A few speakers after me, a prosperous-looking, attractive young man got up and did his spiel. He said we shouldn’t get mad at our trials, and shouldn’t even be surprised by them. They are, after all, what we signed up for in coming to this earth. We knew we’d be tried and tested, tempted and tribulated. Embrace the trial! Turn to God and all will be well!

Dude! Did he think I was talking about a hangnail that’s giving her some trouble?

If one believes in a literal resurrection, and in the atonement’s power to cleanse sin, then the worst possible thing to ever happen to someone is the refusal to repent (or to be affected by someone who refuses to repent). This is not to diminish the immense pain that accompanies death or miscarriage or disease, but just to say that they all CAN be fixed, eventually. If I refuse to repent, however, that can’t be fixed.

And, for those whose religious convictions are different, surely you would agree that to break one’s solemn promises, to refuse to even try to honor one’s vows and covenants, is pretty low. And that the people affected by such broken promises are facing real devastation.

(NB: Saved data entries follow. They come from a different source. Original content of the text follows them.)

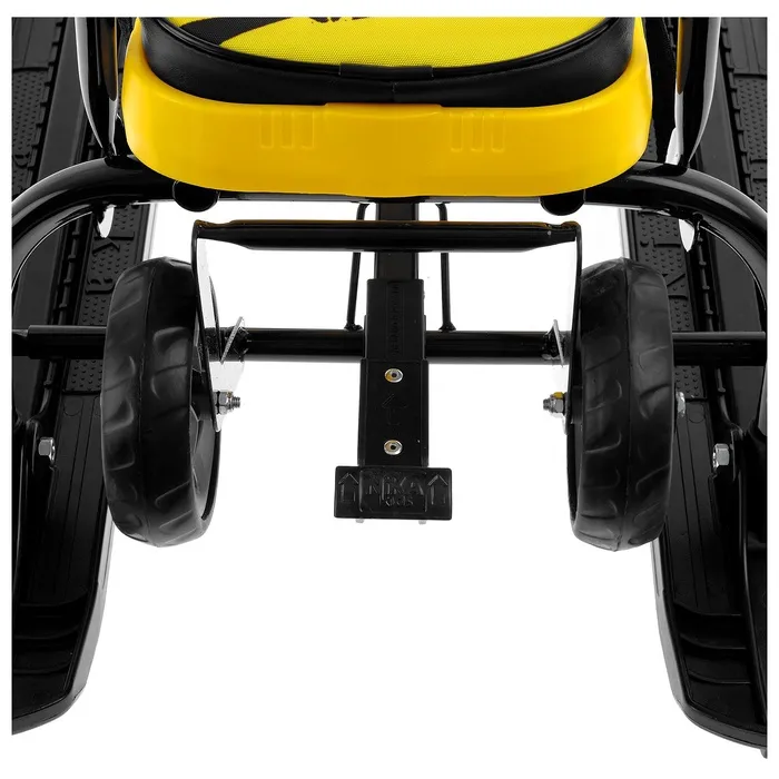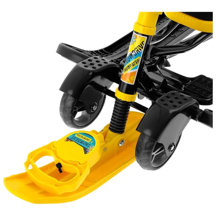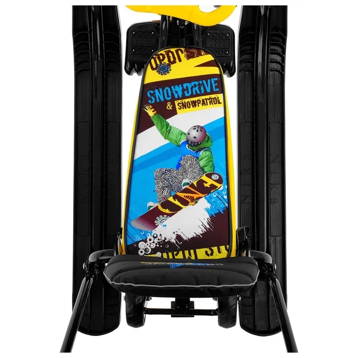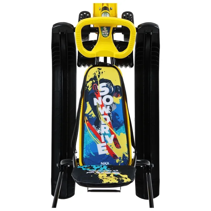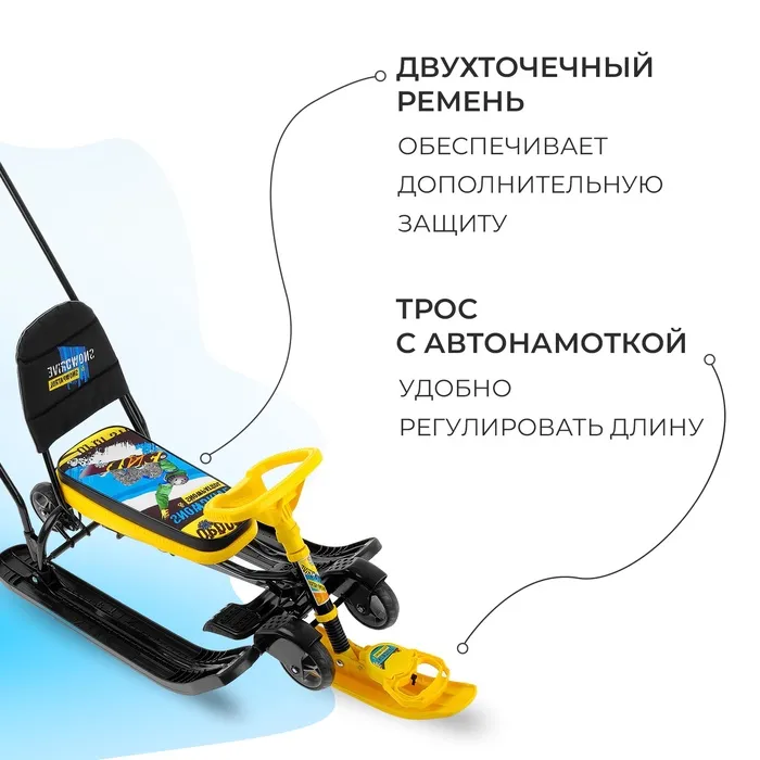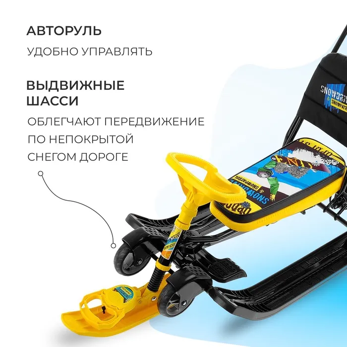 Снегокат предназначен для перевозки детей от 4 до 7 лет по плотному снегу или льду. Имеет сварную конструкцию из стальных труб, пластиковых элементов и мягкое сиденье, обтянутое искусственной кожей с рисунком. Оснащён буксировочным тросом с автоматической намоткой, механизмом выдвижных шасси, родительской ручкой и складной спинкой. Усиленный тормоз эффективен на обледенелой поверхности.
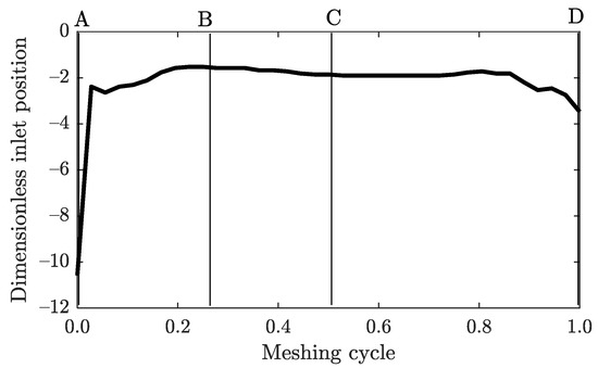where . Furthermore, ,, and are lubricant-specific parameters obtained experimentally [51]. The shear rate is calculated using the lubricant film thickness at the centre of the contact domain. Note that Sivayogan et al. [39] showed that under the current operating conditions some regions of the meshing cycle can be shear-independent. In these regions , resulting in lubricant viscosity being solely dependent on the generated pressures.
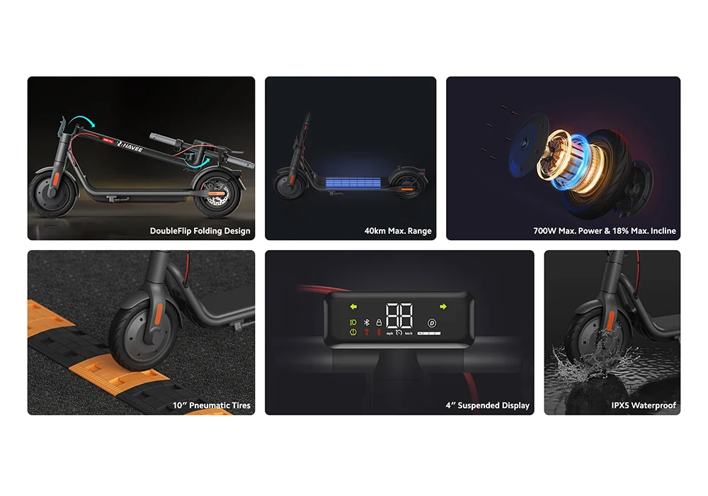 La NAVEE V40i Pro est équipée d’un moteur de 350 W (jusqu’à 700 W en puissance maximale) offrant une accélération dynamique et une conduite stable même sur les pentes.

The funniest thing about that young man’s testimony was that he was so sure of these things that he has learned through “my many years of experience.” Right. Because he’s 24 and single and childless and looks like he has suffered. Oh, how he has suffered.

My mom said that maybe we shouldn’t be letting our daughters watch these Disney princess fairy tales all the time. Because what are they learning? Happily ever after and prince charming and animals coming to help you with the housework.

I’d agree with her, and I did introduce my sisters and mom to Sara Bareilles’ Fairytale, which gets more clever every time I hear it. BUT, happily ever after, that people should get married and stay married, and that families are meant to be together forever is what we believe in. It’s not just a Disney movie, it’s what we believe.